RIKEN physicists created several vortices in a quantum photonic system and tracked their evolution using a special combination of laser beams as a very fast stirrer.
This system is used to explore exotic new physics associated with the beginning of quantum states from vortex matter.
For instance, swimming in a superfluid pool takes a single stroke than swimming in water with an infinite number of laps. Thus, superfluids have no resistance to motion below a certain velocity compared to water.
Superfluids exhibit peculiar behavior when agitated.
If you stir a bucket of water, you typically get just one big vortex. But when you rotate a superfluid, you initially create one vortex. And when you rotate it faster, you get progressively more and more vortices of precisely the same size.
Michael Fraser, Center for Emergent Matter Science, RIKEN
Although observed in liquid helium and atomic systems, a manifestation of superfluidity arises in a system composed of particle-like entities called polaritons.
These entities emerge when a photon of light strongly couples with a negative electron bound to a positive hole in a semiconductor. Researchers aim to agitate these systems, yet this presents a challenge due to the necessity of employing exceedingly high frequencies—millions of times faster than those required for atomic systems.
To create ensembles of vortices, Fraser and co-workers have used a specially crafted laser beam to incoherently stir such a polariton condensate.
These condensates have been around for more than 15 years, and a lot of interesting physics has been done with them. But rotation of a polariton superfluid causing multiple vortices to collect and freely evolve had not been achieved before.

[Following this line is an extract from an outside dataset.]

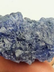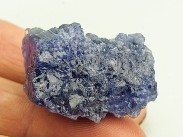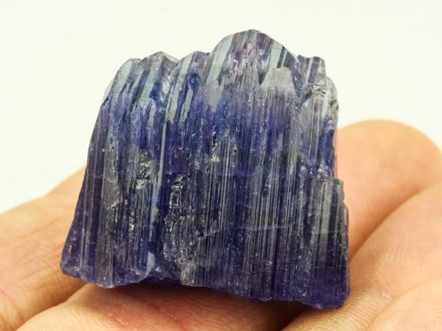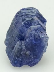 Lustrous terminated tanzanite crystal. The crystal is terminated, highly lustrous, internally transparent. Shows color change when viewed from front (blue-gray) and side (violet). No visible damage. Back side has 3 chips...

Michael Fraser, Center for Emergent Matter Science, RIKEN
A special laser beam stirrer is made by combining a regular laser beam with a donut-like shape by the team. The beams' frequencies had a slight disparity, aligning with the necessary frequency for polariton rotation.
Leveraging this beam, the researchers managed to regulate both the speed and rotational direction of the polaritons, enabling the deliberate formation of vortices. Their demonstration indicated that increased rotation speed resulted in the capture of more vortices near the axis of rotation.
Moreover, the experimental measurements are close to simulations based on theory.
Our rotation scheme thus allows the study of self-ordering vortex dynamics in an open-dissipative platform - one that continually loses and gains particles. This is especially exciting as not only do we expect it to exhibit new vortex phenomena, but it is also opens up opportunities to study highly quantum, topological phases of light.
Michael Fraser, Center for Emergent Matter Science, RIKEN
Journal Reference:
Redondo, V, Y., et al. (2023). Optically Driven Rotation of Exciton–Polariton Condensates. ACS Publications. doi/10.1021/acs.nanolett.3c01021.